*** STUDY MATERIAL Section Begins ***
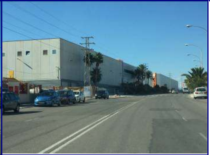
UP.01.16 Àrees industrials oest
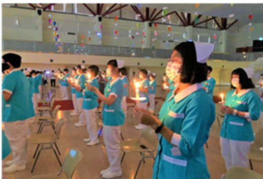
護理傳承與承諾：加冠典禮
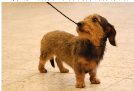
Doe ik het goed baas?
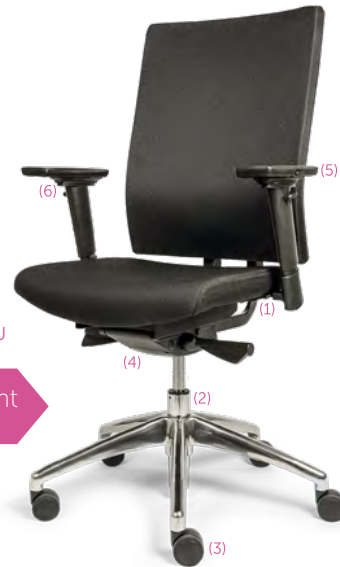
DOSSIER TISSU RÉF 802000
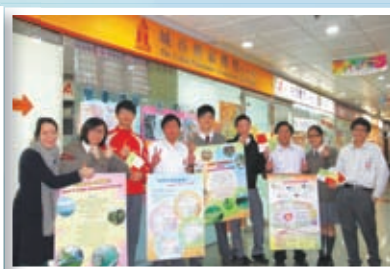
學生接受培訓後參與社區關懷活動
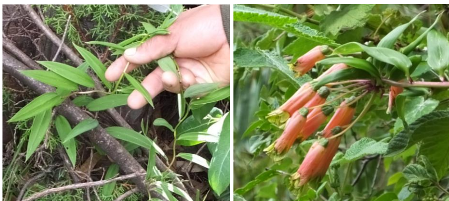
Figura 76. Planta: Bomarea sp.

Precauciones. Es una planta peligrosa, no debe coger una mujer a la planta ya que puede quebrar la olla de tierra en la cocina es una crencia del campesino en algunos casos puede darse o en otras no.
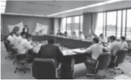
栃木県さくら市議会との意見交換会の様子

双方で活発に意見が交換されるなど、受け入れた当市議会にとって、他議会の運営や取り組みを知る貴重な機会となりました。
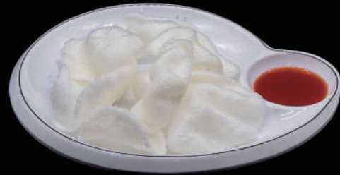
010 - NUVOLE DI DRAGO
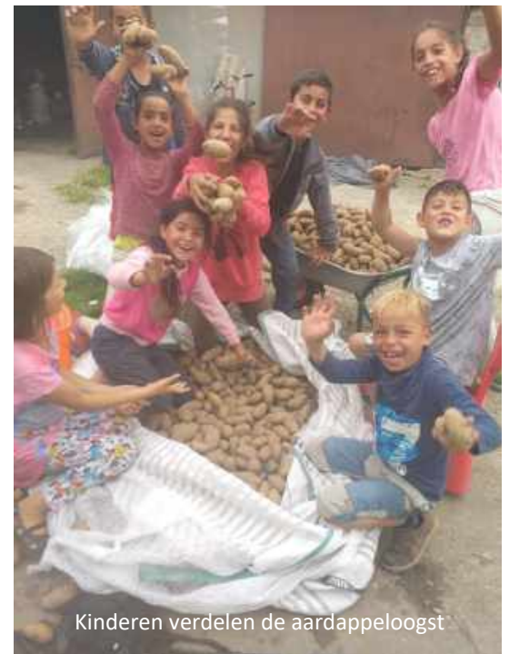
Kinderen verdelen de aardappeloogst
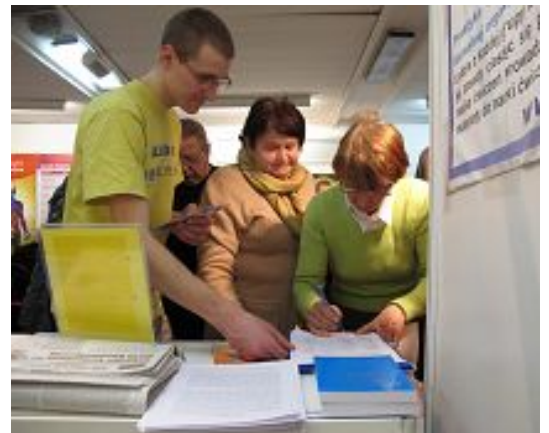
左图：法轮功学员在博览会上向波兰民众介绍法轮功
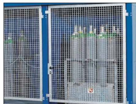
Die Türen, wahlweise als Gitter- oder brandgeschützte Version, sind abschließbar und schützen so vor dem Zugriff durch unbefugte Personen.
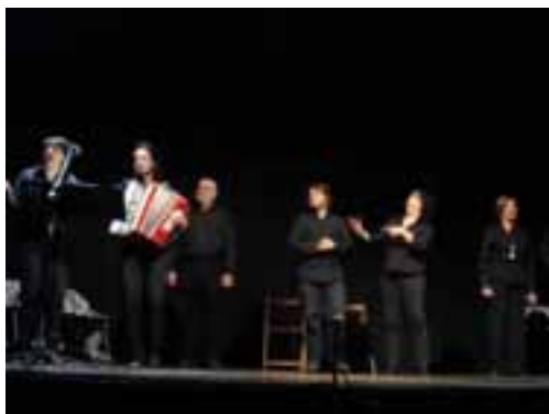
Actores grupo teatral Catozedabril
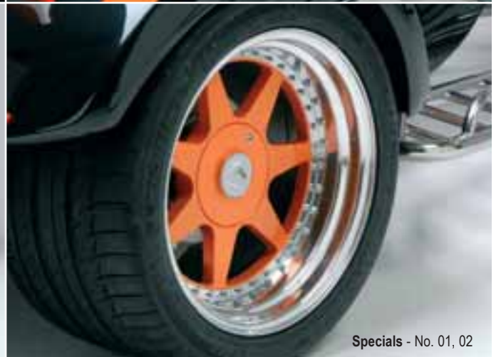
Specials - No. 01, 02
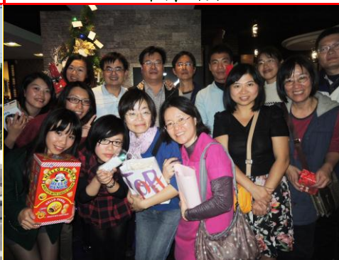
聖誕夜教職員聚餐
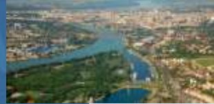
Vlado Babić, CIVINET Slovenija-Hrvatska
*** STUDY MATERIAL Section Ends ***
EXERCISE INSTRUCTIONS: Pictures stay out; copy every entry above exactly.

ANSWER FOR THE TASK:
UP.01.16 Àrees industrials oest
護理傳承與承諾：加冠典禮
Doe ik het goed baas?
DOSSIER TISSU RÉF 802000
學生接受培訓後參與社區關懷活動
Figura 76. Planta: Bomarea sp.

Precauciones. Es una planta peligrosa, no debe coger una mujer a la planta ya que puede quebrar la olla de tierra en la cocina es una crencia del campesino en algunos casos puede darse o en otras no.
栃木県さくら市議会との意見交換会の様子

双方で活発に意見が交換されるなど、受け入れた当市議会にとって、他議会の運営や取り組みを知る貴重な機会となりました。
010 - NUVOLE DI DRAGO
Kinderen verdelen de aardappeloogst
左图：法轮功学员在博览会上向波兰民众介绍法轮功
Die Türen, wahlweise als Gitter- oder brandgeschützte Version, sind abschließbar und schützen so vor dem Zugriff durch unbefugte Personen.
Actores grupo teatral Catozedabril
Specials - No. 01, 02
聖誕夜教職員聚餐
Vlado Babić, CIVINET Slovenija-Hrvatska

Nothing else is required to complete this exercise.